I'll send a #OneChipChallenge to one adventuresome  member who'll agree to eat it on video, with nothing to eat or drink with it for a minimum five minutes.
Video must be sent to me for posting on YouTube, and will be shared here in the forums.








> The year the #OneChipChallenge is back, with a vengeance. It's our spiciest lineup ever featuring the world's hottest pepper, the Carolina Reaper, along with a NEW one-two punch from Scorpion Pepper and Sichuan Peppercorn. Your taste buds will be begging you to tap out. Do you have what it takes to go head to head with the Reaper?
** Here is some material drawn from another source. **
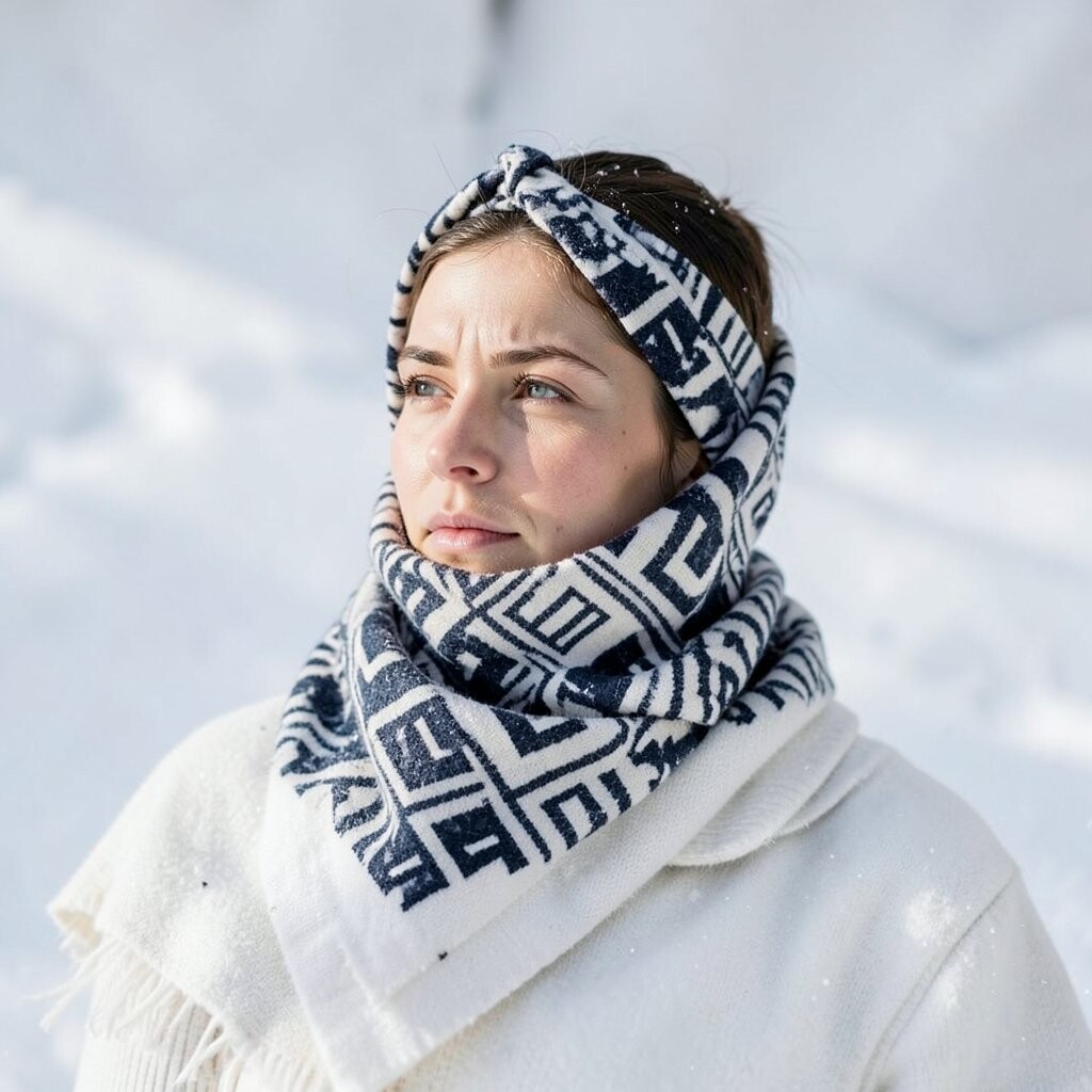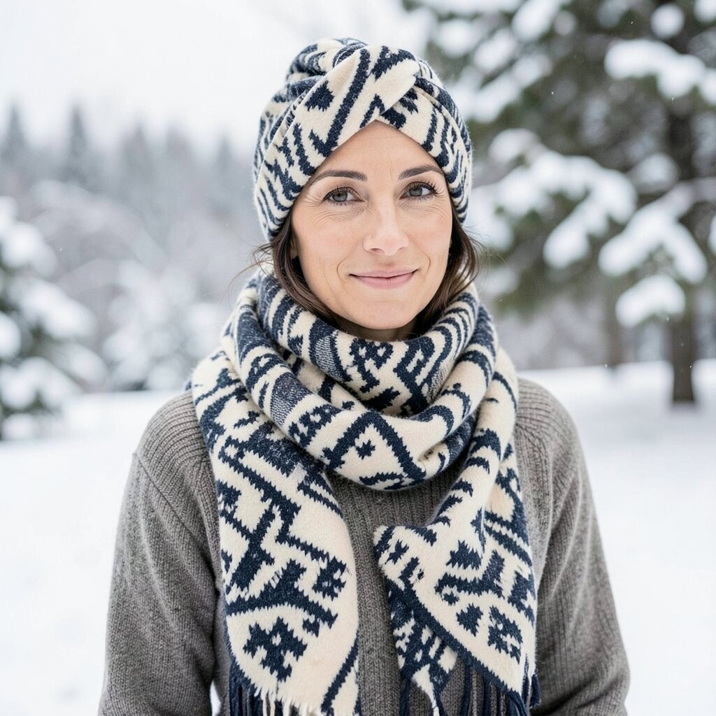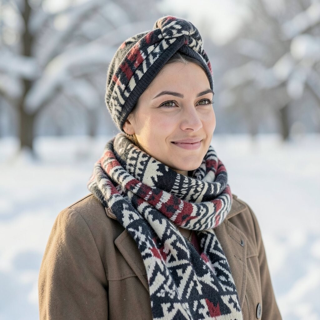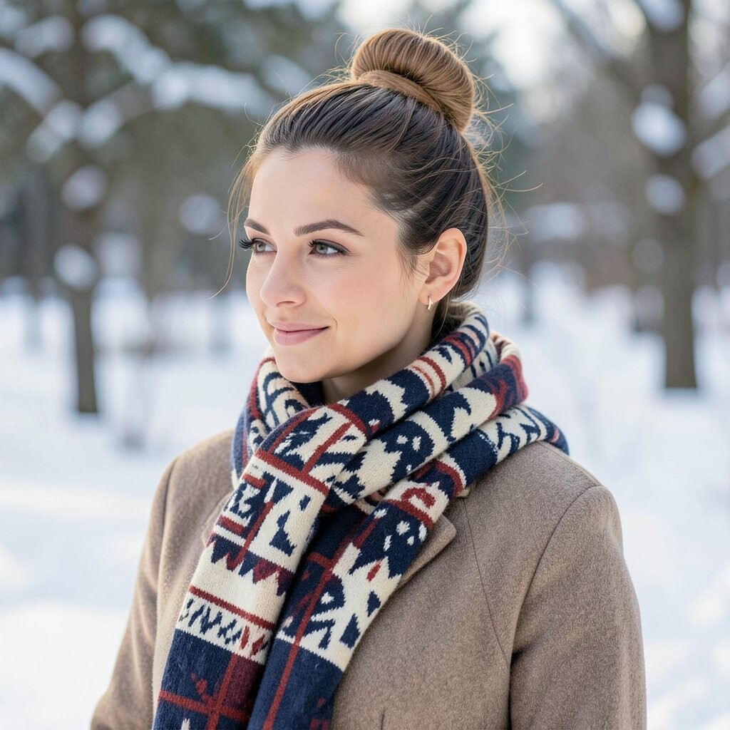 The geometric patterns give it a playful touch. It’s perfect for those who love an updo with a twist. Plus, it keeps your neck warm!

Take the #OneChipChallenge if you dare...


Please don't agree and then flake out on the terms of the agreement as this isn't sponsored by anyone but myself.


----------



## gmc2003 (Oct 15, 2020)

What is the chip? 

Chris


----------



## SmokinVOLfan (Oct 15, 2020)

I did this last year and my step son and his friends just did it again last weekend. Have fun! Look forward to seeing the videos.


----------



## chopsaw (Oct 15, 2020)

No thanks . I have the reaper powder I got from Richie . Love the stuff in the right amount . Great for dried beef . When I first got it I stuck my finger in and had a taste . 
Like said ,, no thanks , but I will be watching .


----------



## GaryHibbert (Oct 15, 2020)

Outa my league, John.  But I'll be waiting for the video.  
Gary


----------



## chilerelleno (Oct 15, 2020)

gmc2003 said:


> What is the chip?
> 
> Chris


Satan's hatred of your Heavenly Father.


----------



## gmc2003 (Oct 15, 2020)

chilerelleno said:


> Satan's hatred of your Heavenly Father.




I'm an atheist 

Chris


----------



## chilerelleno (Oct 15, 2020)

gmc2003 said:


> I'm an atheist
> 
> Chris


In that case you've nothing to fear.



> The year the #OneChipChallenge is back, with a vengeance. It's our spiciest lineup ever featuring the world's hottest pepper, the Carolina Reaper, along with a NEW one-two punch from Scorpion Pepper and Sichuan Peppercorn. Your taste buds will be begging you to tap out. Do you have what it takes to go head to head with the Reaper? Take the #OneChipChallenge if you dare...


----------



## gmc2003 (Oct 15, 2020)

Thanks, 



I'm not very photogenic and our video camera doesn't have a wide enough angle lens to capture me doing it. Besides I don't want to scare away anyone who watched the video. Remember the song Video killed the radio star. Well in this case you could substitute SMF members.  So I'll pass.

Chris


----------



## HalfSmoked (Oct 15, 2020)

Like hot but no challenge here chili.

Yup peep peep peep.   

Warren


----------



## 73saint (Oct 15, 2020)

I'm down!  I'll even trade you one of my fresh home grown Peach Reapers which are ripening now.  I ate my first one yesterday and my gut is still on fiya!


----------



## zwiller (Oct 15, 2020)

I don't stay on top of it but thought the reaper was dethroned?  My family think I'm nuts with the spicy stuff I eat but it's nothing like reaper level.  I could get it down and would be funny especially the 5m wait but my concern is more about the next day...  Thanks but no thanks but oh yeah totally watching!


----------



## chilerelleno (Oct 15, 2020)

73saint said:


> I'm down!  I'll even trade you one of my fresh home grown Peach Reapers which are ripening now.  I ate my first one yesterday and my gut is still on fiya!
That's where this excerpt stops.